Write down every entry below once more, exactly.

:: EXTRACTED RECORDS ::
++++
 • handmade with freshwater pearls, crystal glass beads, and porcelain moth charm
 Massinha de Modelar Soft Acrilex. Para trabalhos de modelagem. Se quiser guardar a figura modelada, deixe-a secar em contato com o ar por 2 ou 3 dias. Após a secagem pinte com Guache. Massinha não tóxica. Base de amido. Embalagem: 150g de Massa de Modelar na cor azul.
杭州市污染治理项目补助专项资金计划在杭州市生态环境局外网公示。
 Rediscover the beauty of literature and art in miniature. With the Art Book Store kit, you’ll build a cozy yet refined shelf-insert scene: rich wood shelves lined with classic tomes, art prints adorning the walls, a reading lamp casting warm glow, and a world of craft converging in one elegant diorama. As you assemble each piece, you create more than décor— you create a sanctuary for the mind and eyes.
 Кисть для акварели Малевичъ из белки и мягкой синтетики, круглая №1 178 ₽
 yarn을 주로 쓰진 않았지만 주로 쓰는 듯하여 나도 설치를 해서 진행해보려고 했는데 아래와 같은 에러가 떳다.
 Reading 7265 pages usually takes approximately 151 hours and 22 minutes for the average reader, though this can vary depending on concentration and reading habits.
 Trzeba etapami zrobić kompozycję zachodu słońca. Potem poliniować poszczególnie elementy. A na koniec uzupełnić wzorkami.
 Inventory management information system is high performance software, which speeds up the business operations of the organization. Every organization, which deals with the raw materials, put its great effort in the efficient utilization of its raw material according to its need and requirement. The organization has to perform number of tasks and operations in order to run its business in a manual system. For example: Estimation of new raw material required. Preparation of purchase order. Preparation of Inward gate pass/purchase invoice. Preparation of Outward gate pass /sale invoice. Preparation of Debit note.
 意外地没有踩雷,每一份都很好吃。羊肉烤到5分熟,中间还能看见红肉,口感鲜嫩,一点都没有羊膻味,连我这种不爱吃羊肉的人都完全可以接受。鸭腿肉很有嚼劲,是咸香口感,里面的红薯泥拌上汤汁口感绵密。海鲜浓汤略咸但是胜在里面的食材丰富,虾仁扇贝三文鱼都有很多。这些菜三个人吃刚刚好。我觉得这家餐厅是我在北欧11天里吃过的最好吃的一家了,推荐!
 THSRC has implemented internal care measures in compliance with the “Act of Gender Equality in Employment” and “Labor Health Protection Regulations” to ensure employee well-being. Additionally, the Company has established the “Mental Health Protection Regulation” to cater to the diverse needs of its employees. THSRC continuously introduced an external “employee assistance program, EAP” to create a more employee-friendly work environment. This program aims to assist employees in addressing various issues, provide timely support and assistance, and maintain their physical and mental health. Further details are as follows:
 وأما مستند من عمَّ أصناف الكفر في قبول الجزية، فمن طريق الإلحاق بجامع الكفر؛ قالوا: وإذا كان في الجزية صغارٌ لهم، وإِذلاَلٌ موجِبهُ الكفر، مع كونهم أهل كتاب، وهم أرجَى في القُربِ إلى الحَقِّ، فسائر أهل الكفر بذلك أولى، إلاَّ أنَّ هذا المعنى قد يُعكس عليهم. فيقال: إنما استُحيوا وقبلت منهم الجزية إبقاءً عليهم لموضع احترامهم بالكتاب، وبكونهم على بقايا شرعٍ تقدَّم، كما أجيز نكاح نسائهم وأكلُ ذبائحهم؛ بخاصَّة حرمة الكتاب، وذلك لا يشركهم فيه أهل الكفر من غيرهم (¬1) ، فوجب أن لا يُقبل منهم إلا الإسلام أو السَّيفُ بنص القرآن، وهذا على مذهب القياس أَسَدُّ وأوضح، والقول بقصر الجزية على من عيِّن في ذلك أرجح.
++++
:: SOLUTION BELOW ::
 • handmade with freshwater pearls, crystal glass beads, and porcelain moth charm
 Massinha de Modelar Soft Acrilex. Para trabalhos de modelagem. Se quiser guardar a figura modelada, deixe-a secar em contato com o ar por 2 ou 3 dias. Após a secagem pinte com Guache. Massinha não tóxica. Base de amido. Embalagem: 150g de Massa de Modelar na cor azul.
杭州市污染治理项目补助专项资金计划在杭州市生态环境局外网公示。
 Rediscover the beauty of literature and art in miniature. With the Art Book Store kit, you’ll build a cozy yet refined shelf-insert scene: rich wood shelves lined with classic tomes, art prints adorning the walls, a reading lamp casting warm glow, and a world of craft converging in one elegant diorama. As you assemble each piece, you create more than décor— you create a sanctuary for the mind and eyes.
 Кисть для акварели Малевичъ из белки и мягкой синтетики, круглая №1 178 ₽
 yarn을 주로 쓰진 않았지만 주로 쓰는 듯하여 나도 설치를 해서 진행해보려고 했는데 아래와 같은 에러가 떳다.
 Reading 7265 pages usually takes approximately 151 hours and 22 minutes for the average reader, though this can vary depending on concentration and reading habits.
 Trzeba etapami zrobić kompozycję zachodu słońca. Potem poliniować poszczególnie elementy. A na koniec uzupełnić wzorkami.
 Inventory management information system is high performance software, which speeds up the business operations of the organization. Every organization, which deals with the raw materials, put its great effort in the efficient utilization of its raw material according to its need and requirement. The organization has to perform number of tasks and operations in order to run its business in a manual system. For example: Estimation of new raw material required. Preparation of purchase order. Preparation of Inward gate pass/purchase invoice. Preparation of Outward gate pass /sale invoice. Preparation of Debit note.
 意外地没有踩雷,每一份都很好吃。羊肉烤到5分熟,中间还能看见红肉,口感鲜嫩,一点都没有羊膻味,连我这种不爱吃羊肉的人都完全可以接受。鸭腿肉很有嚼劲,是咸香口感,里面的红薯泥拌上汤汁口感绵密。海鲜浓汤略咸但是胜在里面的食材丰富,虾仁扇贝三文鱼都有很多。这些菜三个人吃刚刚好。我觉得这家餐厅是我在北欧11天里吃过的最好吃的一家了,推荐!
 THSRC has implemented internal care measures in compliance with the “Act of Gender Equality in Employment” and “Labor Health Protection Regulations” to ensure employee well-being. Additionally, the Company has established the “Mental Health Protection Regulation” to cater to the diverse needs of its employees. THSRC continuously introduced an external “employee assistance program, EAP” to create a more employee-friendly work environment. This program aims to assist employees in addressing various issues, provide timely support and assistance, and maintain their physical and mental health. Further details are as follows:
 وأما مستند من عمَّ أصناف الكفر في قبول الجزية، فمن طريق الإلحاق بجامع الكفر؛ قالوا: وإذا كان في الجزية صغارٌ لهم، وإِذلاَلٌ موجِبهُ الكفر، مع كونهم أهل كتاب، وهم أرجَى في القُربِ إلى الحَقِّ، فسائر أهل الكفر بذلك أولى، إلاَّ أنَّ هذا المعنى قد يُعكس عليهم. فيقال: إنما استُحيوا وقبلت منهم الجزية إبقاءً عليهم لموضع احترامهم بالكتاب، وبكونهم على بقايا شرعٍ تقدَّم، كما أجيز نكاح نسائهم وأكلُ ذبائحهم؛ بخاصَّة حرمة الكتاب، وذلك لا يشركهم فيه أهل الكفر من غيرهم (¬1) ، فوجب أن لا يُقبل منهم إلا الإسلام أو السَّيفُ بنص القرآن، وهذا على مذهب القياس أَسَدُّ وأوضح، والقول بقصر الجزية على من عيِّن في ذلك أرجح.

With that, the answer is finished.